Entries provided Start Marker
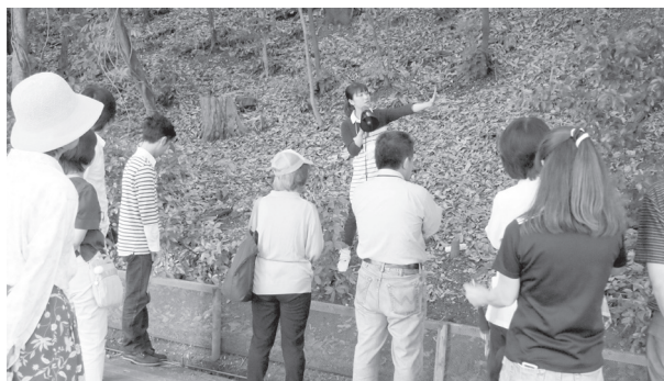
図1：2011年6月5日に実施したキャンパスガイドツアーの様相（東山キャンパス内の窯跡にて）

ハンズオンとは資料への接触や活動を通じ、参加者が体感的に学習することを目的とした展示手法である。参加者が自ら展示物に触れ、体験を重ねることにより、参加者の興味をより効果的に引き出すことが可能である。NUMAPでは「触れて感じて学ぶ！サイエンス」と題して、ハンズオン展示に解説パネルやスタッフとのコミュニケーションを加えていくことで、より深いレベルでの学問の理解・定着を図ってきた。本章では今年度実施した考古学ハンズオンイベントと赤外線ハンズオンイベントの概要について述べる。
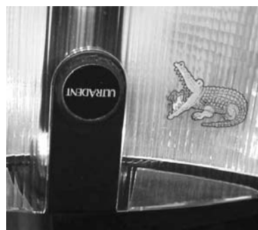
Bild an der Behandlungsleuchte

wie weit der Mund aufgemacht werden muss. Durch den Behandler wird suggeriert, dass das Kind selbst ein Krokodil ist und den Mund ganz weit aufmacht, damit der Zahnputzervogel gut darin arbeiten kann und alles schön sauber wird. An der Behandlungsleuchte kann auch ein Bild vom Krokodil mit Zahnputzvogel angebracht werden - das erinnert die Kinder immer an die weite Mundöffnung.
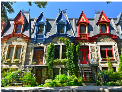
Les façades du Square Saint-Louis.
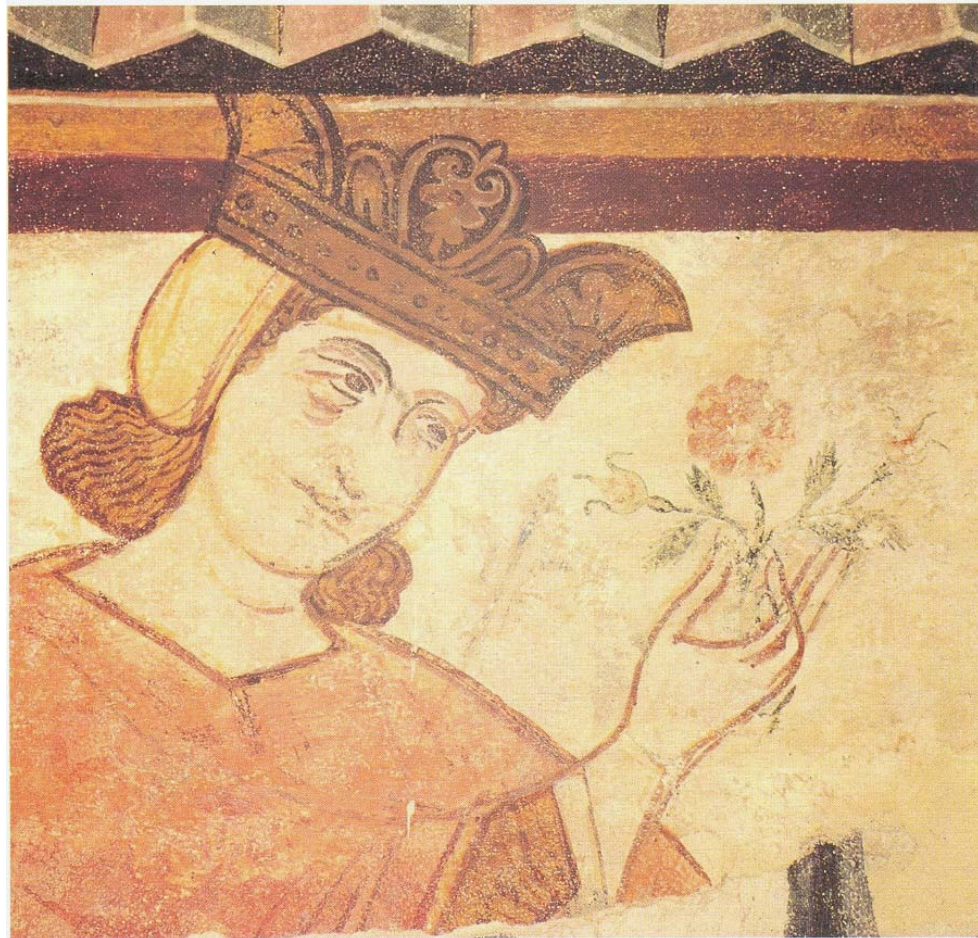
Fig. 4. Ritratto di Federico II, nell'atto di donare un fiore (Bassano del Grappa, Palazzo Finco)
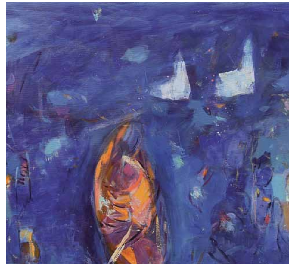
Iz ciklusa Tinska gora VII , 2019, akril na platnu, 80 cm × 120 cm, detajl
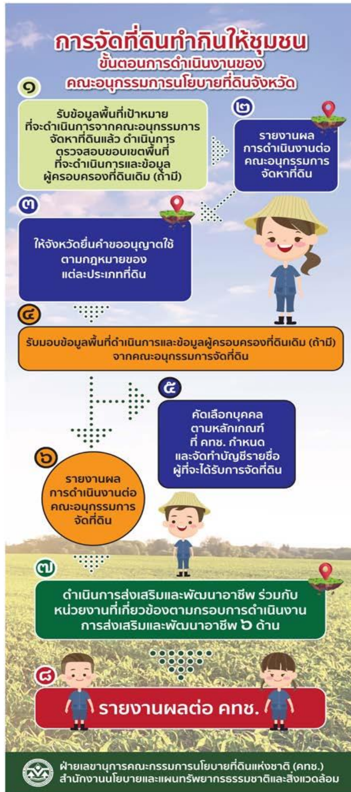
แผนภาพที่ 3-4 ขั้นตอนการดำเนินงานของคณะกรรมการนโยบายที่ดินจังหวัด (คทช.จังหวัด)
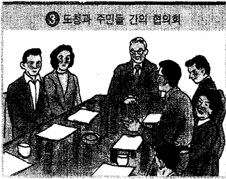
그림 17. 도청의 기관장=남자 (사4-1, 112쪽)
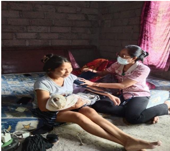
Kunjungan rumah nifas KF 3
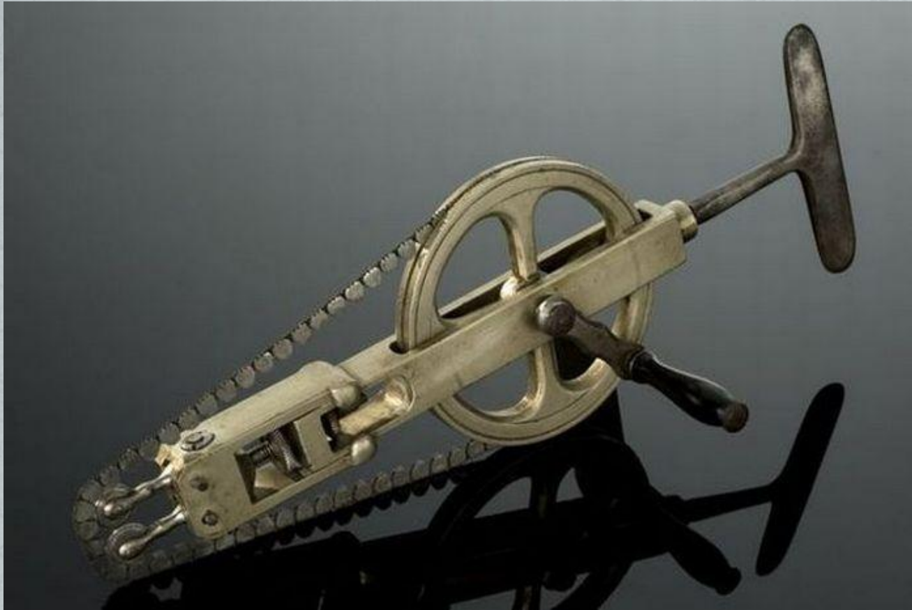
Пила для черепа (XIX в.)
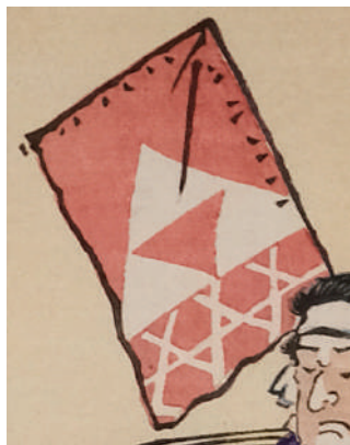
さくしゃふししょう 作者不詳 「歌留多あわせ かまくらおしやろっかせん 鎌蔵武勇六家仙」(部分)
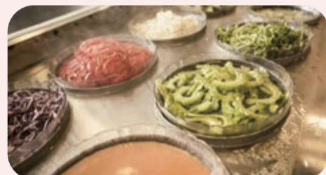
▲生菜沙拉吧還提供少見的苦瓜、小豆苗，足見老闆的誠意。
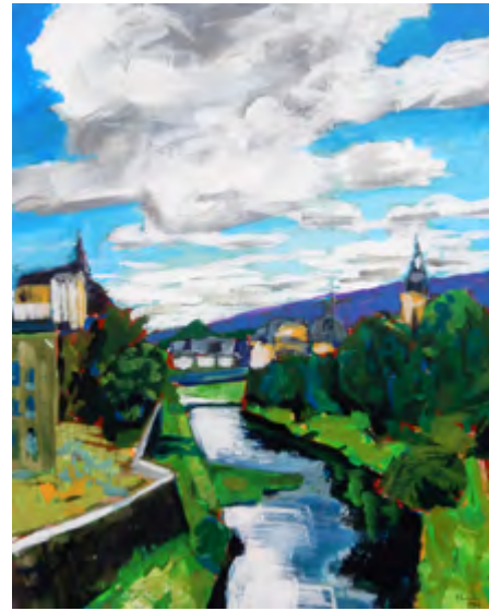
Peter Zaumseil - Wolken über der Stadt Acryl auf Leinwand, 100 x 80 cm, signiert € 1900,- (Nichtmitglieder € 2200,-) | NR 052436

Peter Zaumseil, 1955 in Greiz im Vogtland geboren, war das Künstlerleben nicht in die Wiege gelegt: Er absolvierte zunächst eine Metalllehre, forcierte aber zielstrebig auf eigene Faust eine zeichnerische und malerische Ausbildung: 1979 bis 1986 an der Spezialschule für Malerei und Grafik in Rudolstadt, 1984 bis 1989 durch Lehrgänge bei Günther-Albert Schulz und Wolfram Ebersbach in Leipzig, 1987 bis 1989 in der Förderklasse Malerei/Grafik in Gera. 2002 wurde er mit dem Christoph-Graupner-Kunstpreis ausgezeichnet. Peter Zaumseil lebt und arbeitet in Elsterberg (Vogtland).
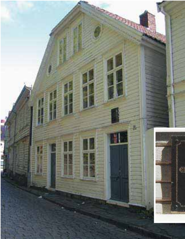
Steffenshuset – Nedre Strandgate 19.

mingsmateriale for alt senere. Det var her det begynte. Derfor er den lille hvite byen ved Vågen alltid så viktig for ham.
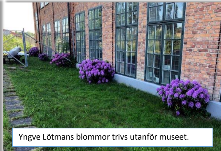
Yngve Lötman's blommor trivs utanför museet.
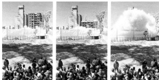
FIGURAS 24, 25 Y 26

La acción del Estado mostró contradicciones. “Si bien el Estado sostiene la necesidad de adoptar medidas de una urgencia tal que viola en forma flagrante el derecho de los vecinos, por otro, mientras tenía a disposición desde 1993 la información sobre la necesidad de realizar reparaciones no hizo absolutamente nada, ni siquiera notificar a los vecinos del supuesto riesgo que corrían e impulsar la adopción de medidas de prevención. Resulta evidente que no era la vida de los vecinos lo que interesaba al Estado”. ▶ 8
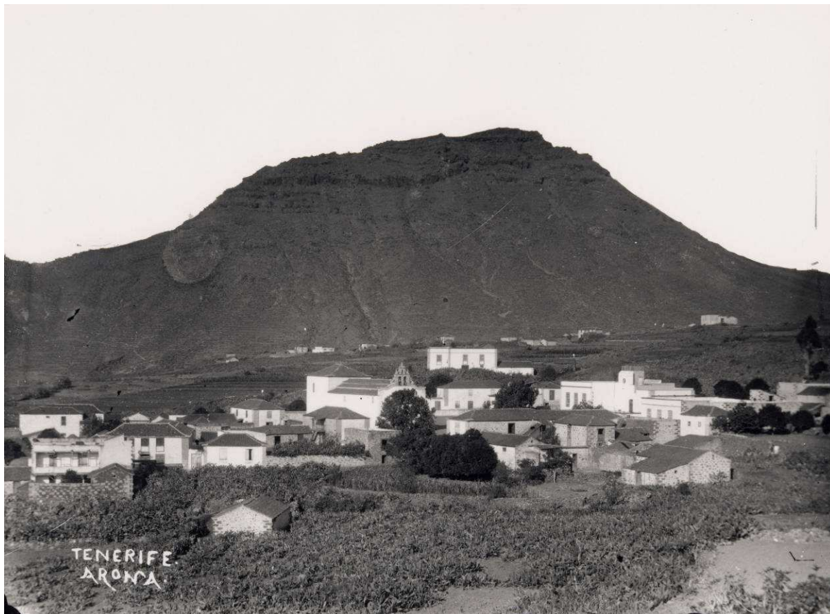
Durante la II República, Arona contó con una Federación Obrera y siete agrupaciones políticas.

El gobernador civil prometió al señor Tavío interesarse por el asunto que le encomendaba, para lo cual hará las gestiones del caso cerca de la Junta de Obras del Puerto. 35
Entries provided End Marker
Task details >>
For this exercise, reproduce exactly the lines of the records above from the one with "Пила для черепа (XIX в.)" up to and including the one with "Peter Zaumseil - Wolken", without pictures.

Reply to the exercise >>
Пила для черепа (XIX в.)
さくしゃふししょう 作者不詳 「歌留多あわせ かまくらおしやろっかせん 鎌蔵武勇六家仙」(部分)
▲生菜沙拉吧還提供少見的苦瓜、小豆苗，足見老闆的誠意。
Peter Zaumseil - Wolken über der Stadt Acryl auf Leinwand, 100 x 80 cm, signiert € 1900,- (Nichtmitglieder € 2200,-) | NR 052436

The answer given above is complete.